Thirdly, The Scripture does ground
the merit of Christ upon the grace of God. It is called the 'gift of God,' and
'the gift by grace, which by Christ has abounded to
many,' Rom. v. 16, 16, &c. Some bring this place to prove the absolute
efficiency of Christ's merit, had he laid down his life without the appointment
of the Father, because, as the sin of Adam had demerit enough to condemn the
world, so the righteousness of Christ had merit enough to save the world. But
the question is, whence this merit did arise? It did
arise personally from Christ himself and the dignity of his person; but as to
the acceptation, from the Father, which the apostle resolves in this place in
telling us; it is the grace of God, and the gift of God, because if Christ's
death had a natural power of merit without any precursory agreement between the
Father and the Son, it could not be said then to be the grace of God, for God
could not but in a way of justice accept it. There is a double merit, absolute,
and ex pacto or covenanted merit,óabsolute when any good is done to a person, which in
the very deed itself obliges him for whose good it is done to the benefactor
which does it, as generation and education are the acts whereby parents merit
of their children. So that, whether children will or no, upon that very account
that they are begotten and brought up they owe everything to their parents so
creation being the work of God, the good of the creature, for that very cause
every creature, especially rational, is obliged to God, and God by this act
does merit all adoration, obedience, and respect from his creature. Covenanted
merit is a work done which does not in its own nature oblige, but by virtue of
some preceding compact and agreement between the person meriting and that
person of whom he does merit. As when a king proposes a reward to those that
run a race, let men run never so well, they have no right to demand a reward
but upon such a declaration of the prince; and supposing that edict and
declaration, he that runs has a right to the reward promised and appointed by
the king, but no right to a reward in general.
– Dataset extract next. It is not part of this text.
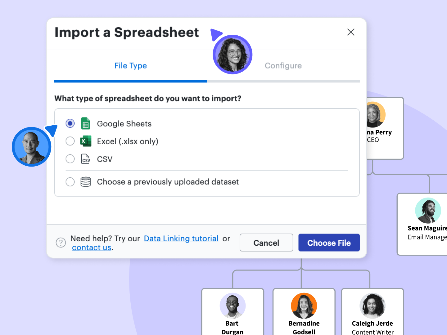 Yes, our AI org chart tool will generate organizational charts automatically by analyzing your prompt or by importing data from sources like Google Sheets, Excel, CSV files, or HR apps such as BambooHR, creating a structured hierarchy instantly.

The whole right does rise, not
from the race simply considered, but as it respects the declaration and order
of the prince. If we speak of a covenant merit, Christ did fully merit at the
hands of God eternal salvation, for he fully performed what was agreed upon;
but if we speak of absolute merit, neither Christ nor any creature could merit
anything at the hands of God, or render God obliged to them by a natural right,
no more than any man that runs a race can oblige a king by his swiftness. As
the merit of Christ regards us, it is absolute, for Christ by his very
undertaking (supposing he had not had any agreement with the Father) to deliver
us, and appease the wrath of God against us, he had absolutely merited of us
all love and observance, yea, though he had failed in it; but he had not
merited of God anything for us, by any undoubted right, but as it respects that
agreement between the Father and the Son. Ps. xvi. 2, 'My goodness
extends not unto thee, but to the saints which are in the earth.' Christ did
not add anything to God, whereby he might absolutely merit of him; but to the
saints he did, whereby they are for ever obliged to him. Christ did not merit
anything for us at the hands of God but as mediator, and to this office he was
predestinated by God, and therefore he merited nothing but by that decree. What
he did was from the office of mediator or priest; and because he was so,
therefore he merited. As when any officers are appointed by the king,
whatsoever they act by virtue of their office has its foundation in, and force
from, the royal authority. His faithfulness whereby he merited has its validity
from the appointment of him in his offices by God, who, Heb. iii. 2, was
'faithful to him that appointed him.' There had been no honour accruing to him,
and consequently nothing challenged by him, unless he had been called of God: Heb. v. 4, 'No man
takes this honour unto himself but he that is called of God.' Christ himself
owns the Father to be the foundation and stability of all the salvation he
wrought: Ps. lxxxix. 27, 'He shall
cry unto me, Thou art my Father, my God, and the rock of my salvation; also I
will make him my first-born, higher than the kings of the earth.' This is taken
from 2 Sam. vii.
14, and cited, Heb. i.
6, as belonging
to Christ, to prove his dignity above the angels. 'The rock of my salvation,'
the strength and foundation of the salvation I have wrought for men, or
alluding to the rock from whence the waters flowed to the Israelites in the
wilderness; either way our Saviour owns his Father as the stability of it. This salvation, i.e. not personal but mediatory salvation.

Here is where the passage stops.